===== Dataset extract =====
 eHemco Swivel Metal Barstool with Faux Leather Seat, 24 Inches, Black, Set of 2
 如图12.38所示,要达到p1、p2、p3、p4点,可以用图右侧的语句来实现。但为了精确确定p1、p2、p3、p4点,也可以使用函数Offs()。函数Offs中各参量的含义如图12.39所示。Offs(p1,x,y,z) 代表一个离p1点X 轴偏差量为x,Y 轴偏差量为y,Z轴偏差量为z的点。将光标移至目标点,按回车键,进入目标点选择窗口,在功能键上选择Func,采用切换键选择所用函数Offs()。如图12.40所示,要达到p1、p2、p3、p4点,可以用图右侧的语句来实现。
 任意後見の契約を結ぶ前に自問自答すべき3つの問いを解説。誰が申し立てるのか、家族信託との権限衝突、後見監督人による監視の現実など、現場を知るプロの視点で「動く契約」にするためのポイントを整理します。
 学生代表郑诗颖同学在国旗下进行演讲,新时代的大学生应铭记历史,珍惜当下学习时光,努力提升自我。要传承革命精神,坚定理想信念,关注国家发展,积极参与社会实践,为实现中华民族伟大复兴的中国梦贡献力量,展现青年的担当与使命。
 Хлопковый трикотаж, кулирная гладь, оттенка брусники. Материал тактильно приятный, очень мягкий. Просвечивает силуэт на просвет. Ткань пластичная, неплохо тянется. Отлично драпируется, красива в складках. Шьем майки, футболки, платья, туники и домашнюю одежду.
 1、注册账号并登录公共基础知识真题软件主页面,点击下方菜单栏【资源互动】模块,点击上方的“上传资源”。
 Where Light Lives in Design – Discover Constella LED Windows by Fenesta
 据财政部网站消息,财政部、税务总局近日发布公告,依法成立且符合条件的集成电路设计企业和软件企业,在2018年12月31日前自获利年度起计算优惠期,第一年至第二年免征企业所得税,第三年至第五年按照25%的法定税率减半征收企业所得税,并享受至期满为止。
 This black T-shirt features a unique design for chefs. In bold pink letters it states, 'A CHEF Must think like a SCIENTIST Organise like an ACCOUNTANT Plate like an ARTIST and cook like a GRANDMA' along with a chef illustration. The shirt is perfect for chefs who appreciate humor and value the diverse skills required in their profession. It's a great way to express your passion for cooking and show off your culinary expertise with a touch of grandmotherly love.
=====
*Exercise description*. Which of the lines above hold the string "with"? Copy each one.

*Task output*.
 eHemco Swivel Metal Barstool with Faux Leather Seat, 24 Inches, Black, Set of 2
 This black T-shirt features a unique design for chefs. In bold pink letters it states, 'A CHEF Must think like a SCIENTIST Organise like an ACCOUNTANT Plate like an ARTIST and cook like a GRANDMA' along with a chef illustration. The shirt is perfect for chefs who appreciate humor and value the diverse skills required in their profession. It's a great way to express your passion for cooking and show off your culinary expertise with a touch of grandmotherly love.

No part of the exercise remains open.